The evening of March 25th was an intensely interesting one to me. It was passed with the President alone in his study, marked by no interruptions. Busy with pen and papers when I entered, he presently threw them aside, and commenced talking again about Shakspeare. Little Tad coming in, he sent him to the library for a copy of the plays, from which he read aloud several of his favorite passages. Relapsing into a sadder strain, he laid the book aside, and leaning back in his chair, said, “There is a poem that has been a great favorite with me for years, to which my attention was first called when a young man, by a friend, and which I afterward saw and cut from a newspaper, and carried in my pocket, till by frequent reading I had it by heart. I would give a great deal,” he added, “to know who wrote it, but I never could ascertain.” Then, half closing his eyes, he repeated the poem, “Oh! why should the spirit of mortal be proud?” Surprised and delighted, I told him that I should greatly prize a copy of the lines. He replied that he had recently written them out for Mrs. Stanton, but promised that when a favorable opportunity occurred he would give them to me.

Varying the subject, he continued: “There are some quaint, queer verses, written, I think, by Oliver Wendell Holmes, entitled, ‘The Last Leaf,’ one of which is to me inexpressibly touching. He then repeated these also from memory. The verse he referred to occurs in about the middle of the poem, and is this:—

“The mossy marbles rest

On the lips that he has pressed

In their bloom;

And the names he loved to hear

Have been carved for many a year

On the tomb.”

As he finished this verse, he said, in his emphatic way, “For pure pathos, in my judgment, there is nothing finer than those six lines in the English language!”

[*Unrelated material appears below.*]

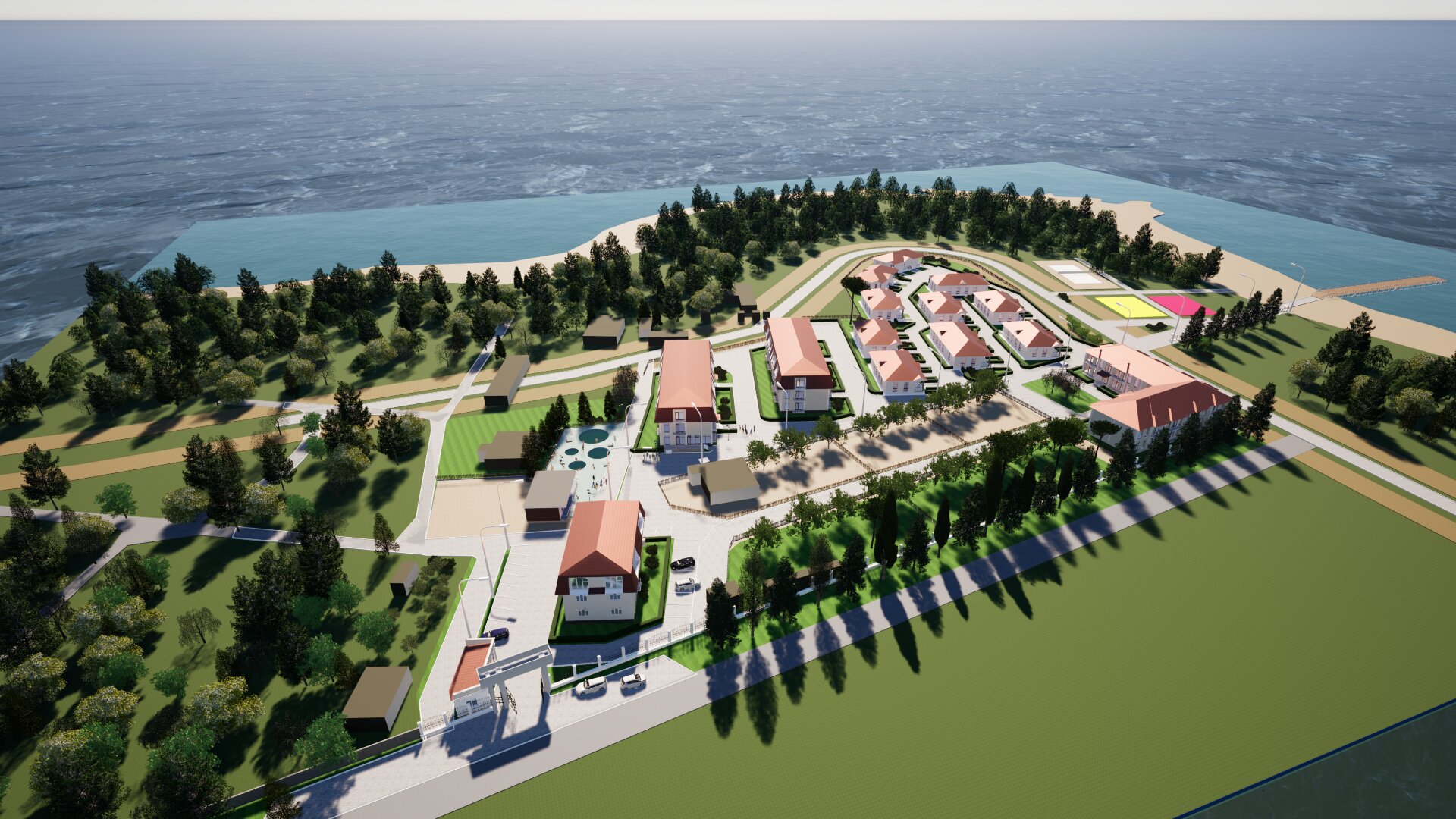 Уникальный пирс, озелененная территория, теннисный корт, воркаут-площадки, современные детские площадки, собственные скважины артезианской воды

A day or two afterward, he asked me to accompany him to the temporary studio, at the Treasury Department, of Mr. Swayne, the sculptor, who was making a bust of him. While he was sitting, it occurred to me to improve the opportunity to secure the promised poem. Upon mentioning the subject, the sculptor surprised me by saying that he had at his home, in Philadelphia, a printed copy of the verses, taken from a newspaper some years previous. The President inquired if they were published in any connection with his name. Mr. Swayne said that they purported to have been written “by Abraham Lincoln.” “I have heard of that before, and that is why I asked,” returned the President. “But there is no truth in it. The poem was first shown to me by a young man named ‘Jason Duncan,’ many years ago.”